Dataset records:
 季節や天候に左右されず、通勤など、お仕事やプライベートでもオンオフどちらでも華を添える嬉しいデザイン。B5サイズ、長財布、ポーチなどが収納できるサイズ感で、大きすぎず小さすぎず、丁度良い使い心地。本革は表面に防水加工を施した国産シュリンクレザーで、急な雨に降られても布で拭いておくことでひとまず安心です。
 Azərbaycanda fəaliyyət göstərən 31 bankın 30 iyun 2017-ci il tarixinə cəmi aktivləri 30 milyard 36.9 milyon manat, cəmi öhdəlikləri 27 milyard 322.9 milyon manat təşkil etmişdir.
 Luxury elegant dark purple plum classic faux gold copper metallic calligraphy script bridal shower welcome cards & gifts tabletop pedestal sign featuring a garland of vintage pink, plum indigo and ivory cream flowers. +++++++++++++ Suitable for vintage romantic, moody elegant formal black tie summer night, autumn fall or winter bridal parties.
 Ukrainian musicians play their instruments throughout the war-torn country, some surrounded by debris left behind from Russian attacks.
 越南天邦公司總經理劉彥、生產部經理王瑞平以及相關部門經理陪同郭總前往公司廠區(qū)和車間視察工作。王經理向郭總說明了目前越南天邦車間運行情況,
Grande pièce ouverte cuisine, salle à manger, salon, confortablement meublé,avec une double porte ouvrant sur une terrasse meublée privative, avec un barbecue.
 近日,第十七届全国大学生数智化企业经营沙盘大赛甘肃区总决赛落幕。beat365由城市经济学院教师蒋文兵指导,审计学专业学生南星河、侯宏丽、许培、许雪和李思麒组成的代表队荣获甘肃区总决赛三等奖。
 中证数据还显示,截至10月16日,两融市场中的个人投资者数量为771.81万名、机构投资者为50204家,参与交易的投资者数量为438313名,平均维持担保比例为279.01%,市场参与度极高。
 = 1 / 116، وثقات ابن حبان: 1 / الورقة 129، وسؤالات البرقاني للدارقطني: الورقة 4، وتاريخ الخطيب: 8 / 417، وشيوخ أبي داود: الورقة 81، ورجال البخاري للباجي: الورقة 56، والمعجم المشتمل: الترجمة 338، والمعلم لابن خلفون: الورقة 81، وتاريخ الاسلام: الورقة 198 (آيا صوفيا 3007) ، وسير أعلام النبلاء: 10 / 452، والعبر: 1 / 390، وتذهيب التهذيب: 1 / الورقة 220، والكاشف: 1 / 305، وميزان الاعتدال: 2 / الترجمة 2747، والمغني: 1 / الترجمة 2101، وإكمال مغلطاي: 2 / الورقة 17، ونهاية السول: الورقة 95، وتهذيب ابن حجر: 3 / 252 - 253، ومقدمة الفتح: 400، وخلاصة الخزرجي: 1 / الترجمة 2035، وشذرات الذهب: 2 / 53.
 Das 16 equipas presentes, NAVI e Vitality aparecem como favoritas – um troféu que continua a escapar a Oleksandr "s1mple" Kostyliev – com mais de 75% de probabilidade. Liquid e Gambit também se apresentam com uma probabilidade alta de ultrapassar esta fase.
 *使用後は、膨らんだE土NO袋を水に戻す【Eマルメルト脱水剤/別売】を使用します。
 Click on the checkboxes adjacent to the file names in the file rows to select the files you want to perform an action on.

= Try it =
Nothing in the entries should be skipped. Output them all exactly.

= Response box =
 季節や天候に左右されず、通勤など、お仕事やプライベートでもオンオフどちらでも華を添える嬉しいデザイン。B5サイズ、長財布、ポーチなどが収納できるサイズ感で、大きすぎず小さすぎず、丁度良い使い心地。本革は表面に防水加工を施した国産シュリンクレザーで、急な雨に降られても布で拭いておくことでひとまず安心です。
 Azərbaycanda fəaliyyət göstərən 31 bankın 30 iyun 2017-ci il tarixinə cəmi aktivləri 30 milyard 36.9 milyon manat, cəmi öhdəlikləri 27 milyard 322.9 milyon manat təşkil etmişdir.
 Luxury elegant dark purple plum classic faux gold copper metallic calligraphy script bridal shower welcome cards & gifts tabletop pedestal sign featuring a garland of vintage pink, plum indigo and ivory cream flowers. +++++++++++++ Suitable for vintage romantic, moody elegant formal black tie summer night, autumn fall or winter bridal parties.
 Ukrainian musicians play their instruments throughout the war-torn country, some surrounded by debris left behind from Russian attacks.
 越南天邦公司總經理劉彥、生產部經理王瑞平以及相關部門經理陪同郭總前往公司廠區(qū)和車間視察工作。王經理向郭總說明了目前越南天邦車間運行情況,
Grande pièce ouverte cuisine, salle à manger, salon, confortablement meublé,avec une double porte ouvrant sur une terrasse meublée privative, avec un barbecue.
 近日,第十七届全国大学生数智化企业经营沙盘大赛甘肃区总决赛落幕。beat365由城市经济学院教师蒋文兵指导,审计学专业学生南星河、侯宏丽、许培、许雪和李思麒组成的代表队荣获甘肃区总决赛三等奖。
 中证数据还显示,截至10月16日,两融市场中的个人投资者数量为771.81万名、机构投资者为50204家,参与交易的投资者数量为438313名,平均维持担保比例为279.01%,市场参与度极高。
 = 1 / 116، وثقات ابن حبان: 1 / الورقة 129، وسؤالات البرقاني للدارقطني: الورقة 4، وتاريخ الخطيب: 8 / 417، وشيوخ أبي داود: الورقة 81، ورجال البخاري للباجي: الورقة 56، والمعجم المشتمل: الترجمة 338، والمعلم لابن خلفون: الورقة 81، وتاريخ الاسلام: الورقة 198 (آيا صوفيا 3007) ، وسير أعلام النبلاء: 10 / 452، والعبر: 1 / 390، وتذهيب التهذيب: 1 / الورقة 220، والكاشف: 1 / 305، وميزان الاعتدال: 2 / الترجمة 2747، والمغني: 1 / الترجمة 2101، وإكمال مغلطاي: 2 / الورقة 17، ونهاية السول: الورقة 95، وتهذيب ابن حجر: 3 / 252 - 253، ومقدمة الفتح: 400، وخلاصة الخزرجي: 1 / الترجمة 2035، وشذرات الذهب: 2 / 53.
 Das 16 equipas presentes, NAVI e Vitality aparecem como favoritas – um troféu que continua a escapar a Oleksandr "s1mple" Kostyliev – com mais de 75% de probabilidade. Liquid e Gambit também se apresentam com uma probabilidade alta de ultrapassar esta fase.
 *使用後は、膨らんだE土NO袋を水に戻す【Eマルメルト脱水剤/別売】を使用します。
 Click on the checkboxes adjacent to the file names in the file rows to select the files you want to perform an action on.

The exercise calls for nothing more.